Physician-assisted death (also known as physician-assisted suicide) is now legal in four states, either through legislation (Vermont), ballot initiative (Oregon and Washington) or state supreme court ruling (Montana). With a favorable February ruling by Judge Nan Nash of the New Mexico Second Judicial District (now under appeal by the state Attorney General), New Mexico may be next. An attempt in Michigan in 1998 (Proposal B) was overwhelmingly defeated, 79% to 21%, despite pre-ballot polling that suggested overwhelming support.

In the discussion, speakers and attendees explored this debate and tried to decide: if another proposal were brought before Michigan voters, should it pass this time?

Tom Tomlinson, Ph.D.
Tom Tomlinson is Director of the Center for Ethics and Humanities in the Life Sciences and Professor in the Department of Philosophy, Michigan State University.

Ed Rivet, MPA
Ed Rivet is Legislative Director for Right to Life of Michigan.

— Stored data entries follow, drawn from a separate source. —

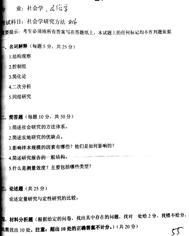 1. 江西财经大学人文学院《816社会学研究方法》历年考研真题汇总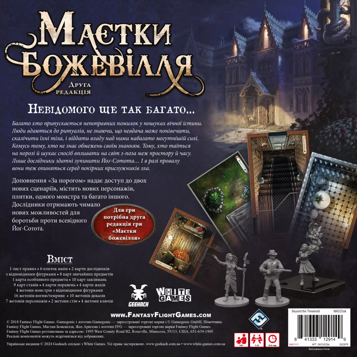 Доповнення «За порогом» розширює світ «Маєтків божевілля», додаючи нові виклики, персонажів та механіки, які зроблять ваші пригоди ще більш захопливими та непередбачуваними. Чи готові ви переступити поріг невідомого?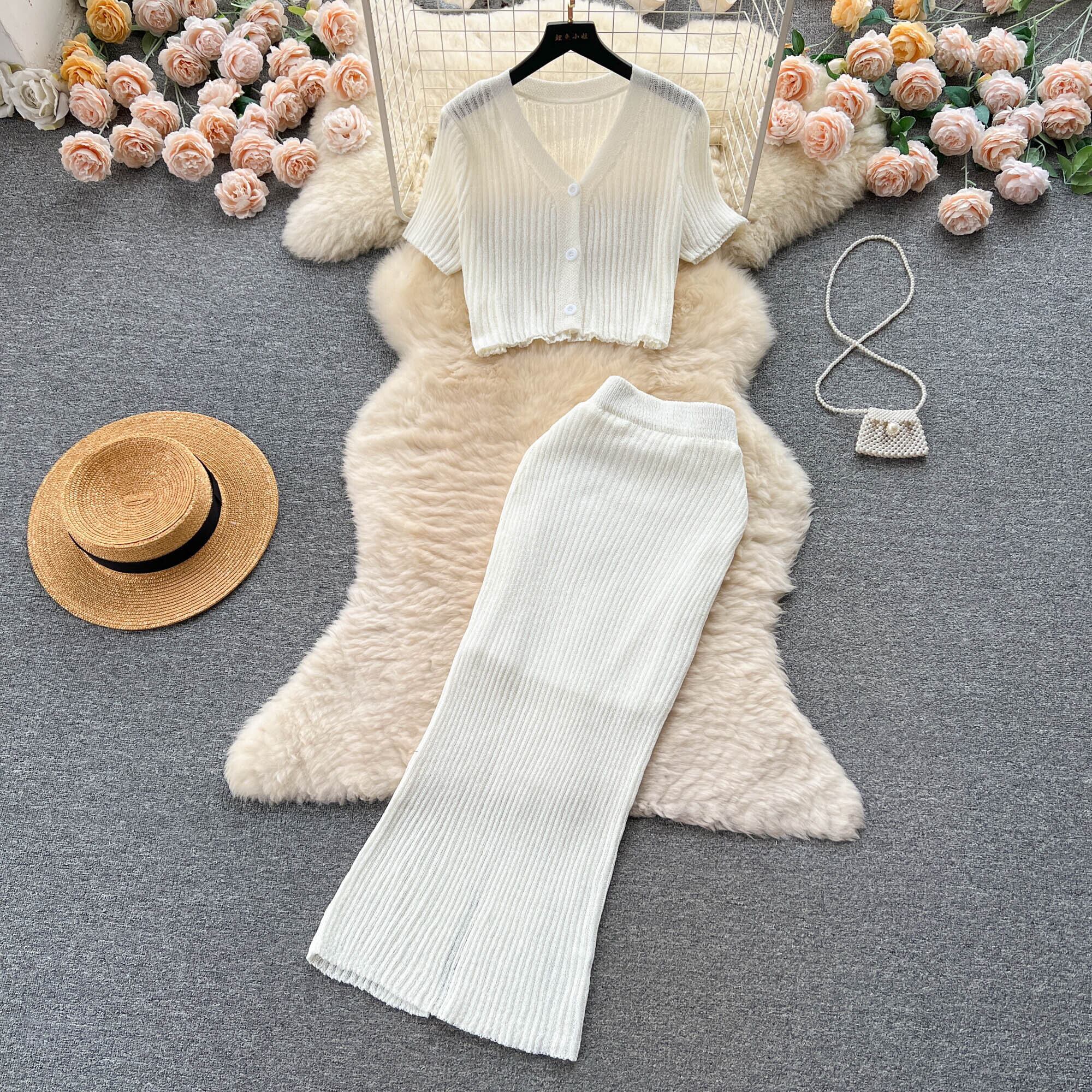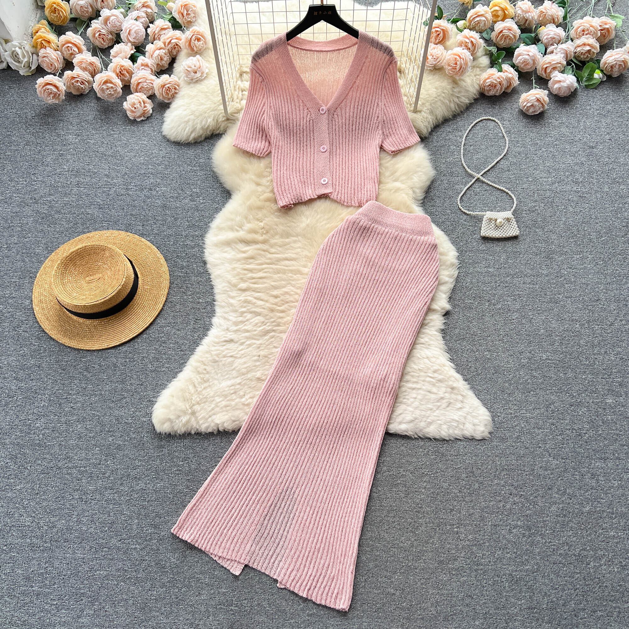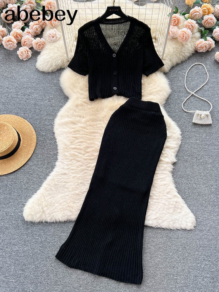 ストリートニットビーチスーツスリムトップ + 弾性ロングスカートボディコンセクシー 2 個セット エラスティック 伸縮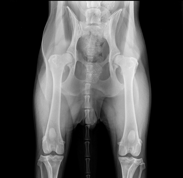 При укладке собаки на спину и движении ее конечности в области тазобедренного сустава можно услышать щелчок при смещении головки сустава по отношению к впадине или звук трения костей друг об друга. Нередко собака испытывает боль при таких манипуляциях, и проводить их позволяет только после обезболивания.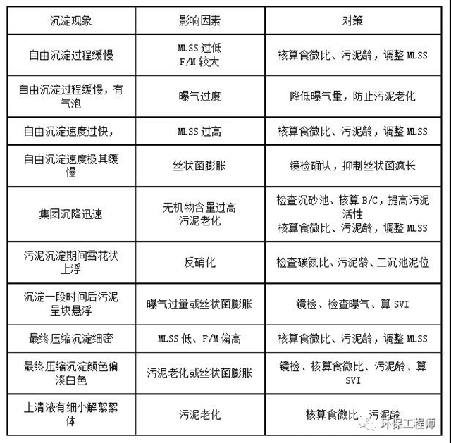 SV30即30分鐘活性污泥沉降比,正規(guī)的做法是用1000mL量筒取樣,靜置30分鐘后,觀測沉淀污泥占整個混合液的體積比例,單位是%。SV30可較直觀的反應(yīng)目前的工藝效果,是重要的檢測參數(shù);發(fā)生工藝異常時,也應(yīng)首先對這個指標進行觀測。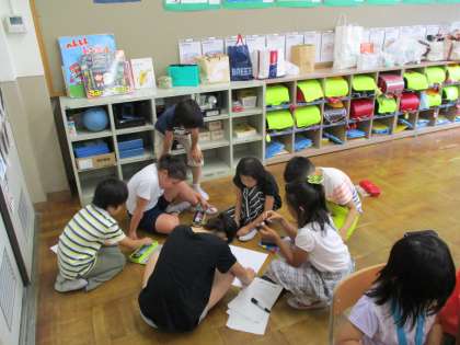 6年生のリーダーを中心に,低学年の子どもからも意見を聞きだして,グループのみんなで話し合っていました。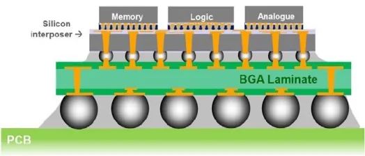 在2.5D的封装中,模具被堆放或并排放置在一个隔片的顶部,基于硅通孔(TSV)。基座是一个交互器,提供芯片之间的连接。作为传统2D IC封装技术的一个增量步骤,2.5D封装使更细的线条和空间成为可能。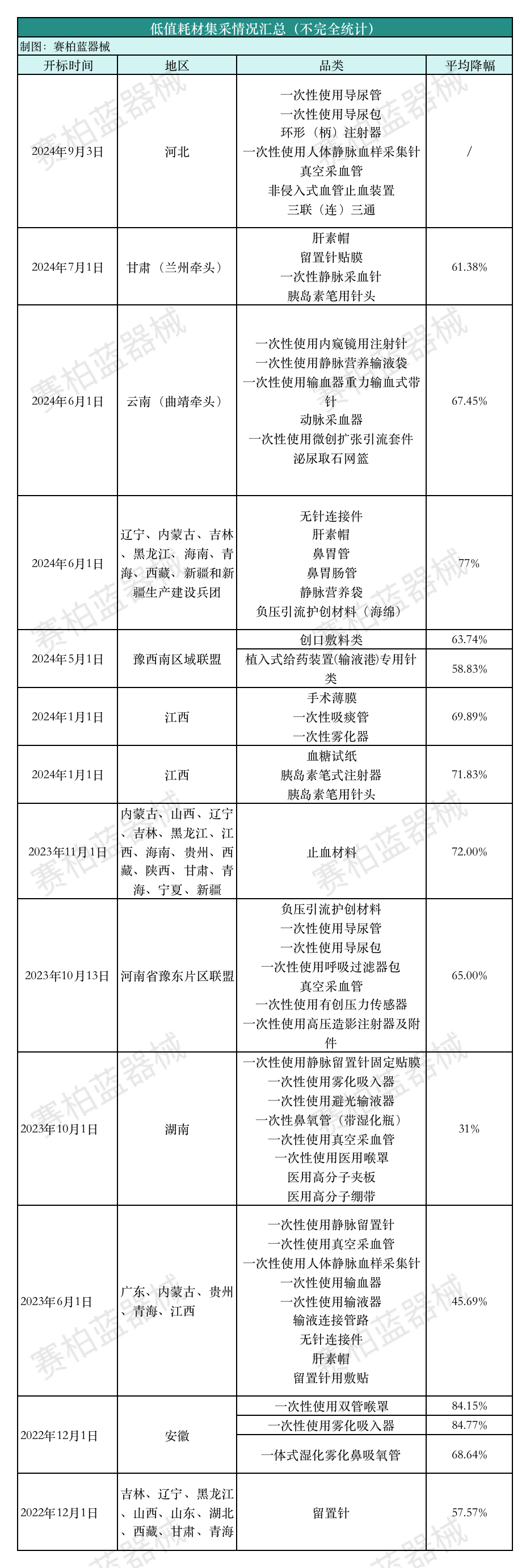 一次性醫用耗材多屬低值耗材范疇,市場規模較大但競爭格局相對分散,集采更多由地級市牽頭、覆蓋全省的聯盟組織開展。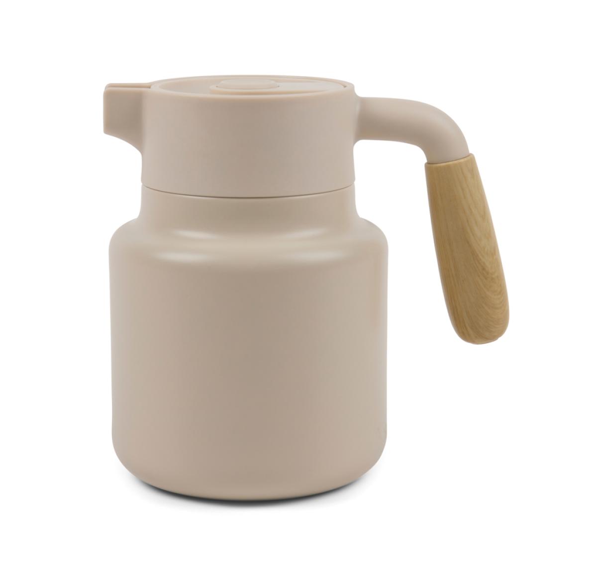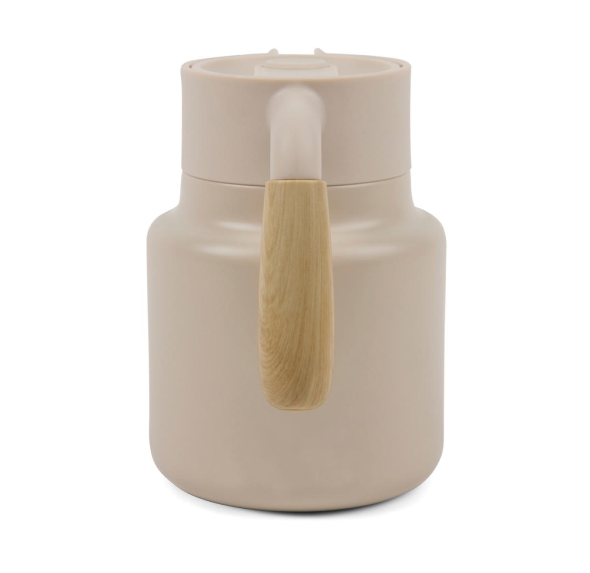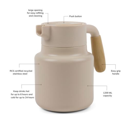 Keep your beverage warm or cold with this stylish vacuum jug made from RCS certified recycled stainless steel. With a capacity of 1200 ML. Both functional and elegantly designed, it complements any table setting. The lid features a convenient push button with a large opening for easy refilling and cleaning. The handle made from PP has an natural wood-like appearance. Easy to grip and pour from. This vacuum jug can keep drinks hot for up to 6 hours and cold for up to 24 hours. Handwash only. Not microwave safe. Certified by RCS (Recycled Claim Standard), RCS certification guarantees that the entire supply chain of recycled materials is certified. The total recycled content is based on the overall product weight. This product contains 62% RCS certified recycled stainless steel.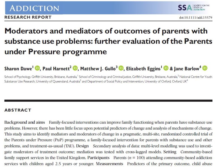 Background and aims Family-focused interventions can improve family functioning when parents have substance use problems. However, there has been little focus upon potential predictors of change and analysis of mechanisms of change. This study aims to identify mediators and moderators of change in a pragmatic, multi-site, randomized controlled trial ofthe Parents under Pressure (PuP) programme, a family-focused intervention for parents with substance use and other problems, and treatment-as-usual (TAU). Design Secondary analysis of data: multi-level modelling was used to investigate moderators of treatment outcome; mediation was tested with cross-lagged models. Setting Community-based family support services in the United Kingdom. Participants Parents (n = 100) attending community-based addiction services with children aged 2.5 years or younger. Measurements Predictors of the primary outcome, child abuse potential, were: baseline child age and gender, composite family risk score, parental substance use and parental emotional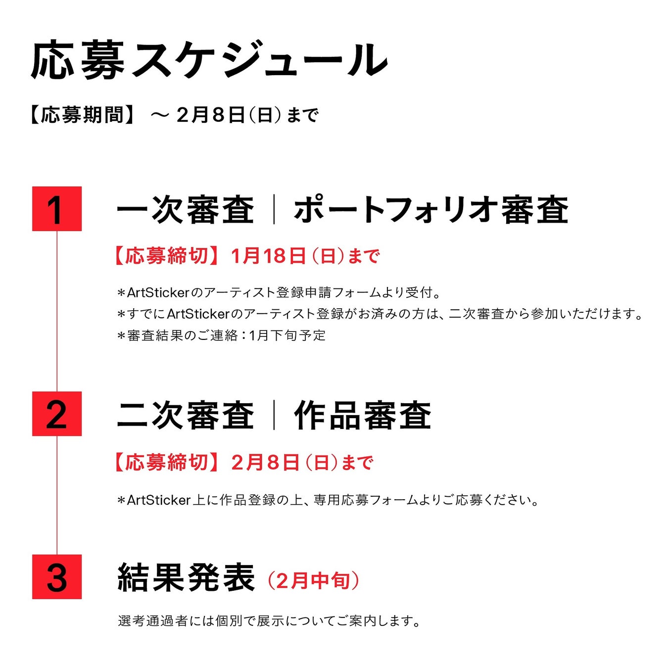 ※アーティスト登録が未完了の場合、一次審査は1月18日(日)までです。

About Bioethics for Breakfast:
In 2010, Hall, Render, Killian, Heath & Lyman invited the Center for Ethics to partner on a bioethics seminar series. The Center for Ethics and Hall Render invite guests from the health professions, religious and community organizations, political circles, and the academy to engage in lively discussions of topics spanning the worlds of bioethics, health law, business, and policy. For each event, the Center selects from a wide range of controversial issues and provides two presenters either from our own faculty or invited guests, who offer distinctive, and sometimes clashing, perspectives. Those brief presentations are followed by a moderated open discussion.